Oregon communities shift to overnight collections and prepare for litter ahead of eclipse
- In preparation for the Aug. 21 solar eclipse, and the estimated 100,000 people heading to an event in Madras, OR to view it, local haulers have started adjusting their schedules to beat traffic. In addition to Madras, the eclipse is mainly affecting the Oregon communities of Bend, Redmond, Prineville and Sisters, as reported by KBND and The Bulletin.
- Companies such as Bend Garbage and Recycling, High Country Disposal, Cascade Disposal and Madras Sanitary Service have been working to notify customers of the change for many weeks. Some customers will be expected to place their material out at 4 a.m., instead of the usual 6 a.m. Others are being asked to put it out at 10 p.m. for overnight collection. Waste Management has also advised businesses expecting heavy foot traffic to give them at least 24 hours notice for higher collection volumes
- National, state and local officials are also preparing for an influx of waste and expected littering. Additional containers have been ordered, crews will be working full-time and the U.S. Forest Service has organized post-eclipse volunteer clean-ups, as reported by Fox 12.
NASA described the eclipse as a "once-in-a-lifetime" experience and coastal Oregon has become one of the top spots to witness it happen next week. A music festival in the area has only added to the draw, and local media reports indicate that the influx of traffic is well underway. In addition to disrupting usual collection operations, this will generate far more waste and recycling than these small cities and towns are used to.
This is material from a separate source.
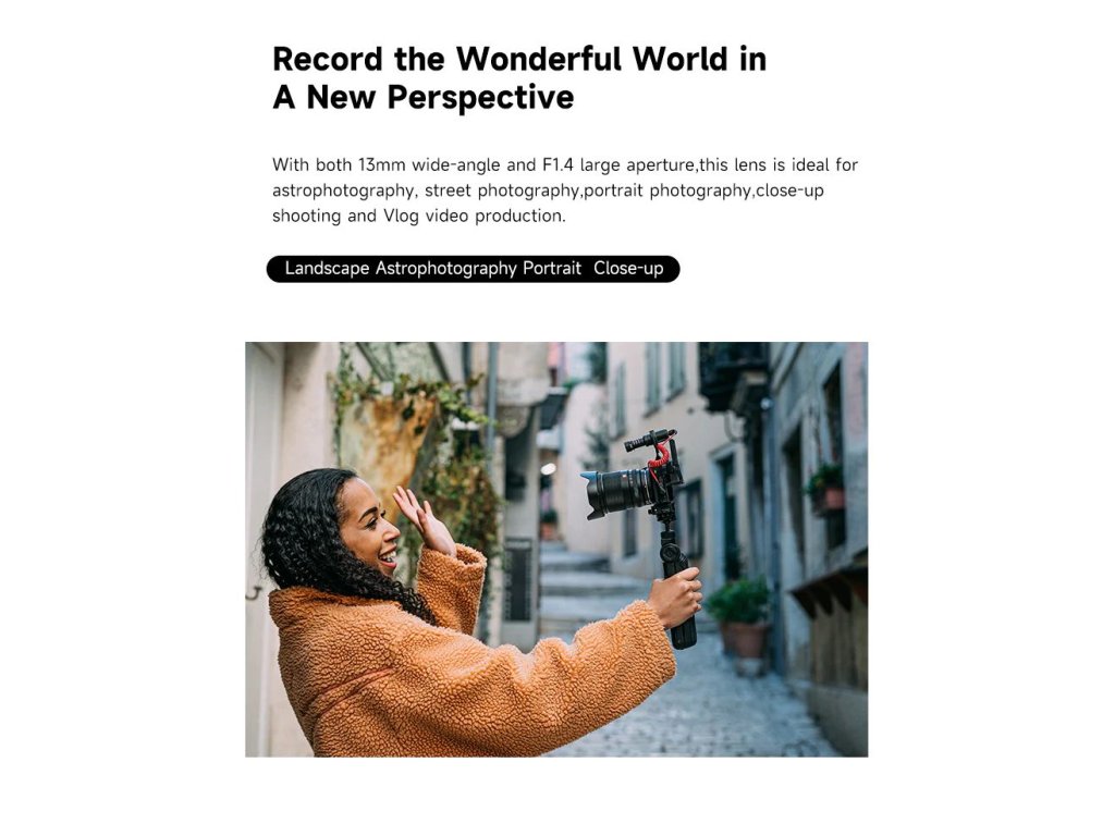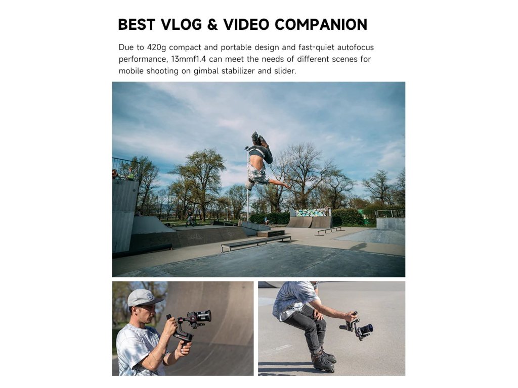 - Lungime focală: 13 mm (echivalent 20 mm FF)

These types of special circumstances are yet another example of how route managers and collection workers are expected to be versatile. Last month's heatwave prompted municipal and private collection operations to start earlier in Oregon, Washington, D.C. and Nebraska, among other locations. Snow storms also reliably affect collection schedules, especially in cities where sanitation workers handle the plowing.
As for the waste generated from out-of-towners, dealing with all of that may take longer. Handling waste from special events — as well as diverting it for recycling — is often a long and laborious process. Whether the event is an inauguration, a holiday or a festival, some amount of littering can be expected. Government officials will be pushing the "pack in, pack out" mentality to help avert environmental damage to plant, animal or marine life while the public comes to witness this astral phenomenon.